Infrastructure power trumps regulation as AI content extraction reaches crisis point

Cloudflare's crawler blocking reveals how internet gatekeepers now set economic policy whilst governments struggle with digital governance

The numbers expose everything you need to know about artificial intelligence's relationship with online publishing. Recent data from Cloudflare shows Anthropic's AI crawlers scraped websites 73,000 times for every single user they referred back to the original source. OpenAI managed 1,700 scrapes per referral. Google Search, by contrast, operates at 14 scrapes per referral.

These aren't abstract statistics. They represent the collapse of the internet's fundamental economic bargain - the implicit agreement that drove two decades of digital growth. Publishers created content, search engines indexed it, users discovered websites through search results, and advertising revenue flowed back to content creators. Artificial intelligence has shattered this arrangement, replacing symbiotic relationships with pure extraction.

Cloudflare, the infrastructure company that manages traffic for a fifth of the global web, has responded with something unprecedented: unilateral economic policy-making. Starting in July 2025, the company began blocking AI crawlers by default for all new customers, forcing AI companies into direct licensing negotiations with publishers. No government mandate, no regulatory process, no international treaty. Simply a software update that reshaped the economics of digital content.

"If the Internet is going to survive the age of AI, we need to give publishers the control they deserve and build a new economic model that works for everyone," declared Matthew Prince, Cloudflare's chief executive. His company's position managing one-fifth of internet traffic grants it regulatory-like authority that most governments can only envy.

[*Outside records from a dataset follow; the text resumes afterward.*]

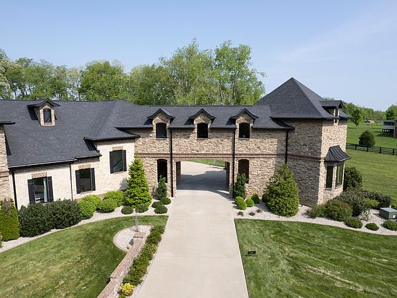 A Timeless Castle Experience! Step into a masterpiece reminiscent of European chateaus with magnificent Gothic Revival and Renaissance influences. This exquisite brick and stone home is designed for those who appreciate artistry and elegance. The stunning 'Stone Serenity' room features 24' tall turret, perfect for gatherings, complete with custom-built forged doors and intricate craftsmanship.The chef's kitchen boasts a double island with granite countertops and a unique pantry door, creating an ideal space for culinary adventures. Experience luxury in the primary suite, complete with a spacious walk-in closet and a spa-like bath featuring a walk-in shower, soaking tub, dual vanities, and direct patio access. Each guest bedroom offers its own private walk-in closet and full bath, ensuring comfort for all. The basement showcases stylish bourbon barrel decor leading to a vibrant game room and a stunning wine bar, perfect for entertaining. A home theater provides the ultimate movie experience.Additionally, a separate guest house offers versatility as a bedroom, office, or gym—ideal for guests or personal retreat. Everything in this home reflects exquisite taste and style. Owner/Agent
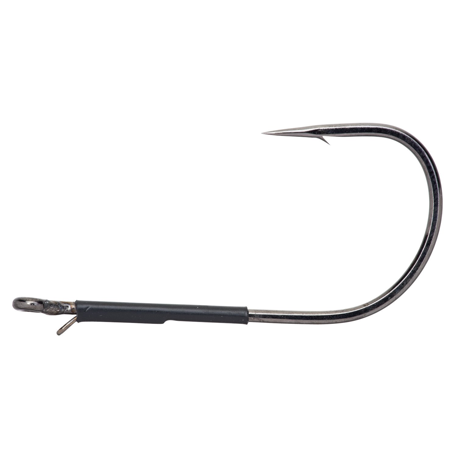 The Gamakatsu Heavy Cover Single Worm Hooks 4-Pack are constructed from high-carbon steel and each feature a welded eye and a small wire keeper with a compact profile and strategic placement to provide excellent holding power. Black nickel.
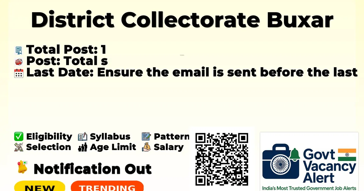 Company Name District Collectorate Buxar Post Name District Project Officer No of Posts 1 No 01/2025-26 Salary Rs. 36000/- + 2500/- (Establishment) + 2000/- (TA/DA) + 500/-(Mobile and Communication Charges) per month Qualification Graduation degree in any discipline from a recognized University. Age Limit Maximum age limit 35 years as on 31.01.2026 Last Date 31-03-2026 Apply Mode Email Job Type Contract
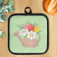 Gartenwasserdose mit Blume auf Grün Topflappen

The economics of content extraction

The scale of value extraction reveals why publishers are desperate for solutions. Marc McCollum from advertising optimisation company Raptive estimates that AI-powered search features now cost publishers $2 billion annually in lost advertising revenue. When Google's AI Overviews appear in search results, research shows click-through rates to original websites decline by an average of 34.5%. Some publishers report drops exceeding 54%.

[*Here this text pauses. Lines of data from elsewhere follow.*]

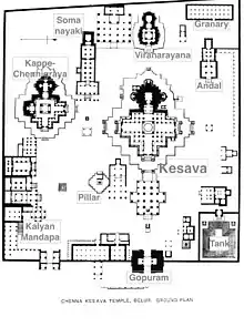The Chennakeshava complex at Belur consists of a 443.5 feet by 396 feet court with several Hindu temples and minor shrines inside a walled compound.[23][note 1] The compound is entered from the east through a Gopuram added during the repairs of the Vijayanagar empire era.[24] The temples and monuments found inside the walled complex are:
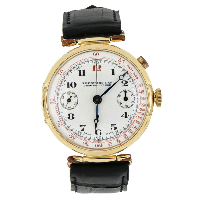 EBERHARD orologio in oro giallo con funzione di cronografo monopulsante diametro cassa 40mm anse snodate quadrante in smalto bianco integro.
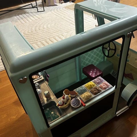 Bilen har öppningsbar dörr, serveringslucka på sidan och en stor glass-dekoration på taket. Perfekt för barn som gillar rollekar och fantasilek.
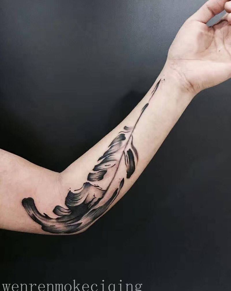 当前位置: 首页 >江苏省扬州市纹身店-纹人墨刻TATTOO纹身图案>泼墨羽毛纹身图片
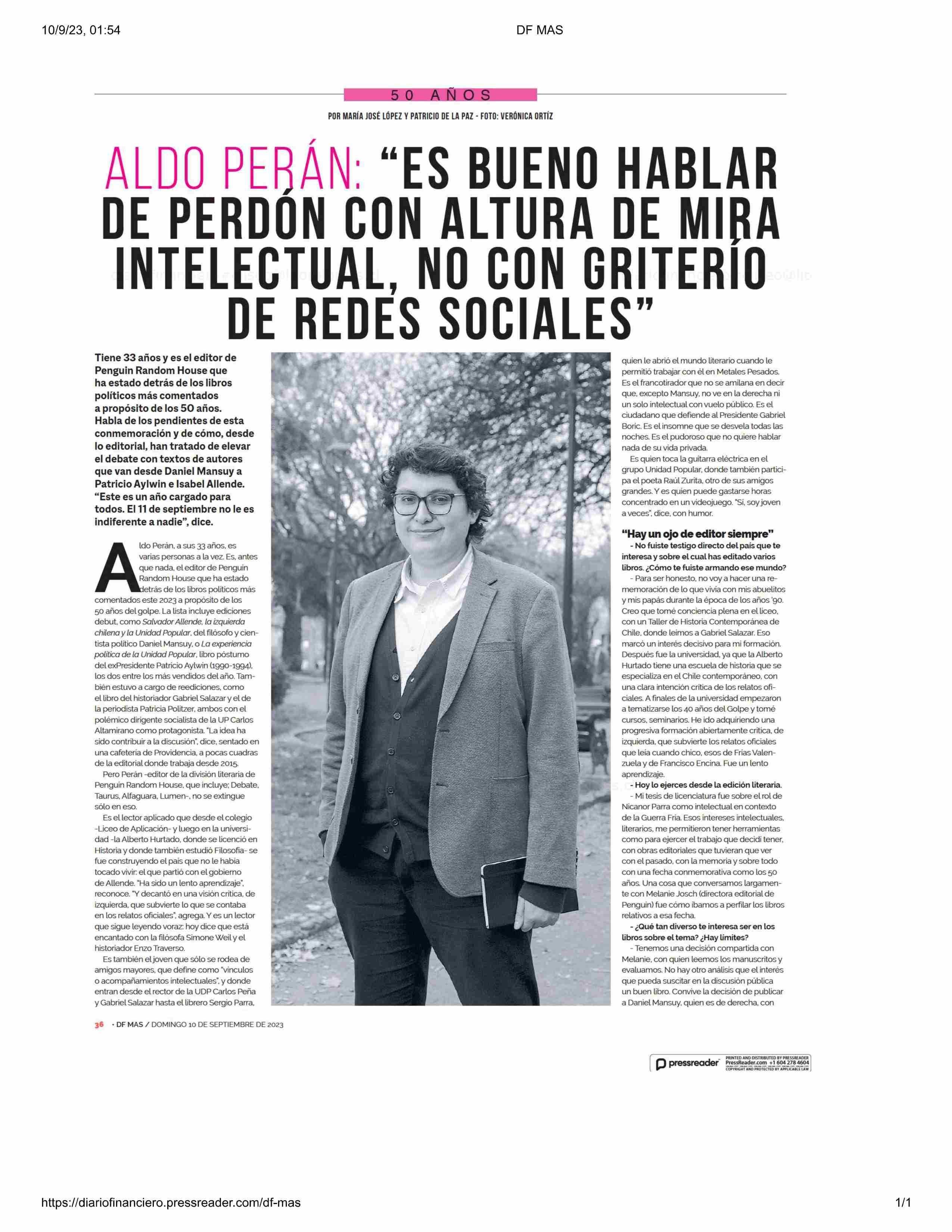 ALDO PERÁN: “ES BUENO HABLAR DE PERDON CON ALTURA DE MIRA INTELECTUAL, NO CON GRITERIO DE REDES SOCIALES” 10-09-2023 Diario Financiero |
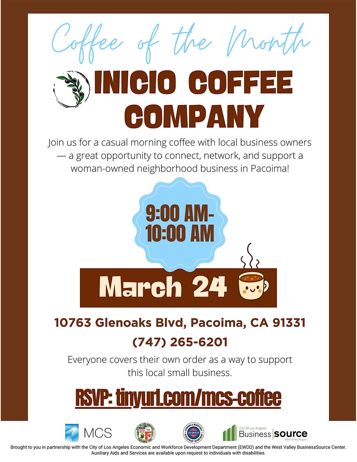 Join us for a casual morning coffee with local business owners — a great opportunity to connect, network, and support a woman-owned neighborhood business in Pacoima!
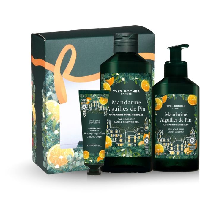 Комплектът съдържа: Yves Rocher Mandarine Aiguilles de Pin Душ гел Мандарина и борови иглички 400 мл 1 бр + Yves Rocher Mandarine Aiguilles de Pin Течен сапун Мандарина и борови иглички 190 мл 1 бр + Yves Rocher Mandarine Aiguilles de Pin Крем за ръце Мандарина и борови иглички 30 мл 1 бр.
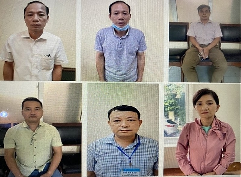 | Các bị can trong vụ án "Vi phạm quy định về đấu thầu gây hậu quả nghiêm trọng" xảy ra ở Sở Giáo dục và Đào tạo Thanh Hóa. Ảnh Bộ Công an |
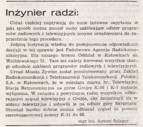 Przeglądając archiwalia można odnieść wrażenie, że niewiele się w Żywcu zmieniło. Problemy te same, nazwiska te same. I ciekawe ogłoszenia („Poszukuję dochodzącej opiekunki…”). W tamtym czasie gazeta wydawana była w nakładzie 6,5 tys. egzemplarzy. Wiele z archiwalnych numerów znajdziecie w Żywieckiej Bibliotece Samorządowej. Miłej lektury!
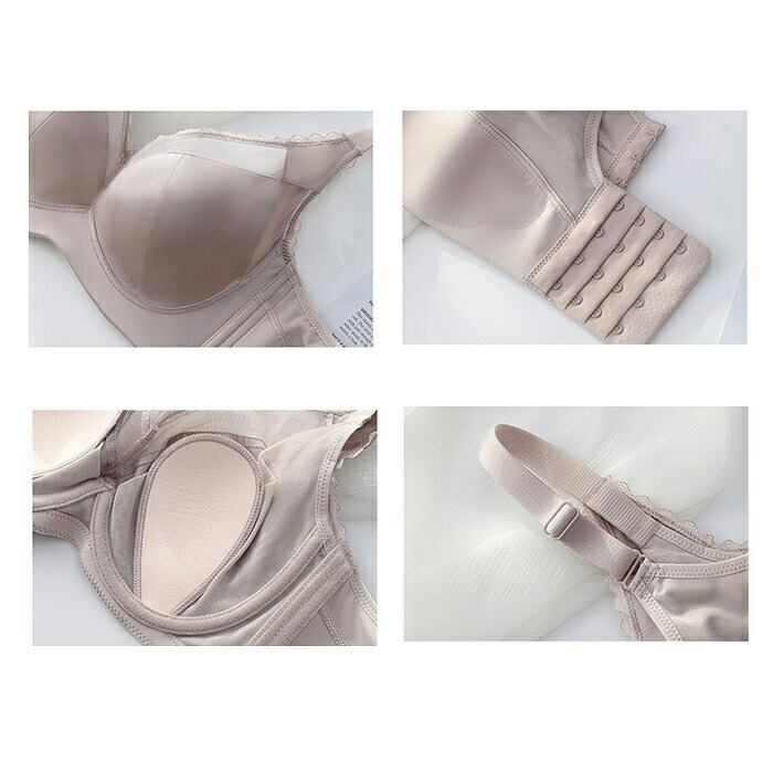 ・大きいバストを小さくスッキリ魅せるブラ。左右一体型の立体カップでバストの突出感を徹底的に抑え、スッキリしたバストラインをメイク!
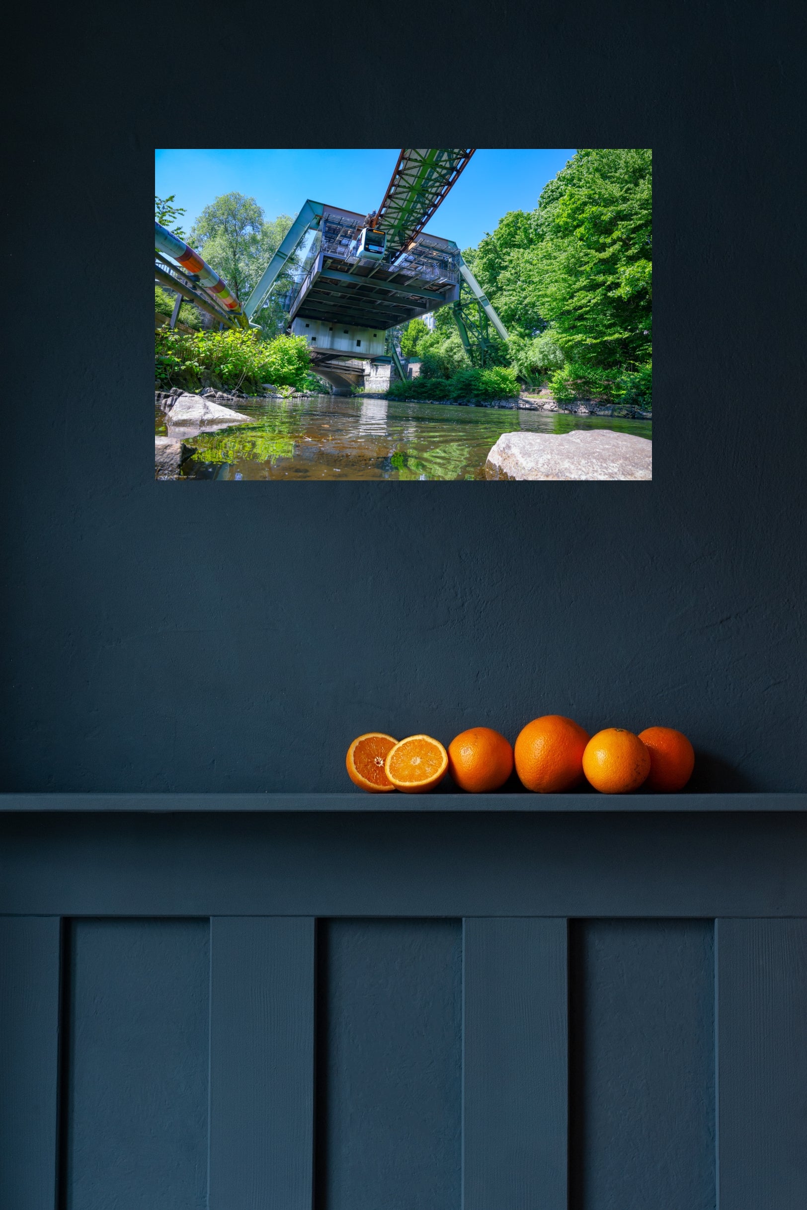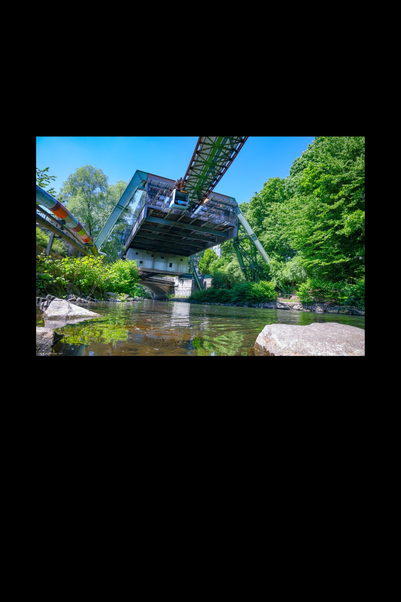 Schönes farbenfrohes Wandbild der Wuppertaler Schwebebahn bei der Ausfahrt aus der Station Loher Brücke, auf der linken Seite Versorgungsleitungen der Wuppertaler Stadtwerke (WSW). Dieses ist typisch für Wuppertal und findet sich fast entlang der gesamten Strecke der Schwebebahn (Fotograf: DE, 2025).

Meanwhile, AI companies are building business models worth hundreds of billions of dollars on this content. The asymmetry is stark: Microsoft offered HarperCollins $5,000 - split between author and publisher - for three years of AI training rights. That sum could train models that generate millions in revenue whilst original content creators receive virtually nothing.

Publishers face costs without compensation. Martin Alderson from web performance consultancy Catch Metrics describes AI crawler activity as resembling denial-of-service attacks, with publishers absorbing server costs for traffic that generates no revenue. Justin Wohl, formerly of Salon, reports that crawlers appear "by user agent and by IP address with blatantly non-human signatures" that consume bandwidth whilst avoiding analytics tracking.

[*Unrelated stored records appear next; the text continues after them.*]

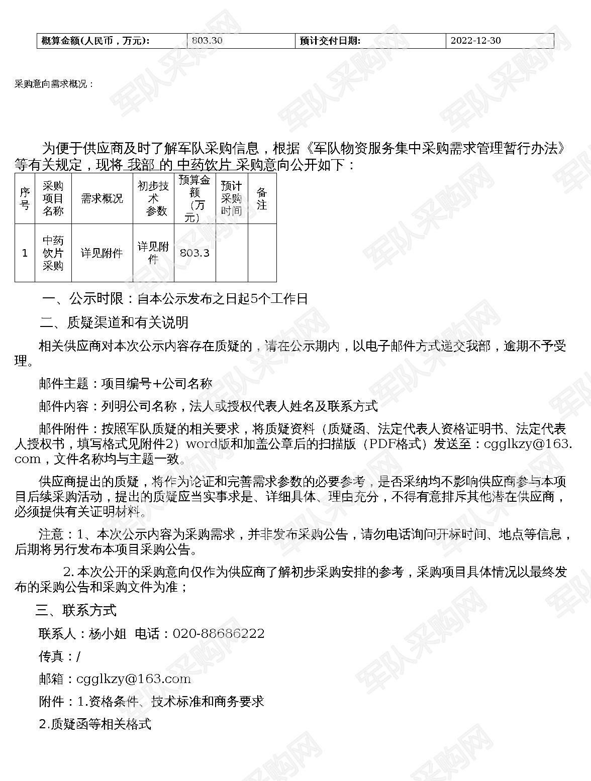 【军队采购网】中药饮片采购意向公开(2022-JQ20-W1036)
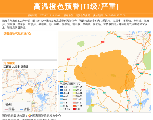 德安县气象台2022年07月15日10时52分继续发布高温橙色预警信号:预计未来24小时内,爱民乡、宝塔乡、车桥镇、丰林镇、高塘乡、河东乡、林泉乡、磨溪乡、·聂桥镇、彭山林场、蒲亭镇、塘山乡、吴山镇、园艺场、邹桥乡的部分地区最高气温将达37°C以上,请注意防暑降温。 信息来源:国家预警信息发布中心; 发布单位:德安县气象局。
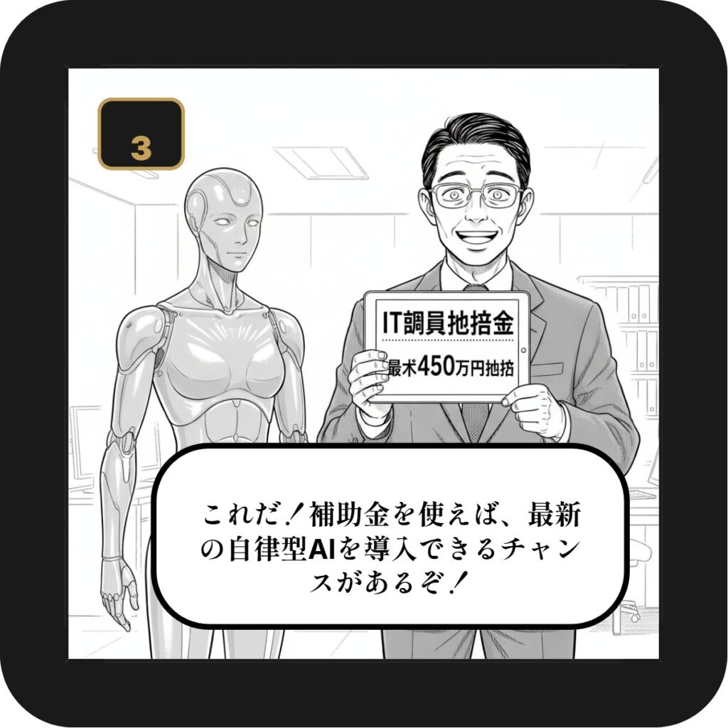 そして何より、冒頭でも触れた通り、2025年は国も企業のDX(デジタルトランスフォーメーション)や省力化投資を強力に後押ししています。「IT導入補助金」「中小企業省力化投資補助金」といった制度を活用すれば、この強力な「最強の営業マン(AI)」を、実質半額、あるいはそれ以下の負担で手に入れることも夢ではありません。

The traffic data reveals the problem's accelerating scope. DoubleVerify found that AI crawlers contributed to an 86% increase in invalid web traffic, with 16% of automated visits in 2024 coming from AI scrapers like GPTBot, ClaudeBot and AppleBot. Publishers are paying to feed systems designed to reduce their audience.

Historical precedents for platform devastation

Publishers recognise this pattern from Facebook's algorithm changes between 2016 and 2018, when the social media giant prioritised posts from friends and family over news content. Traffic dropped noticeably at major news outlets including CNN, ABC, NBC, The New York Times and The Washington Post. Some publishers reported losing over 80% of their Facebook referral traffic as the platform optimised for user engagement rather than external link-sharing.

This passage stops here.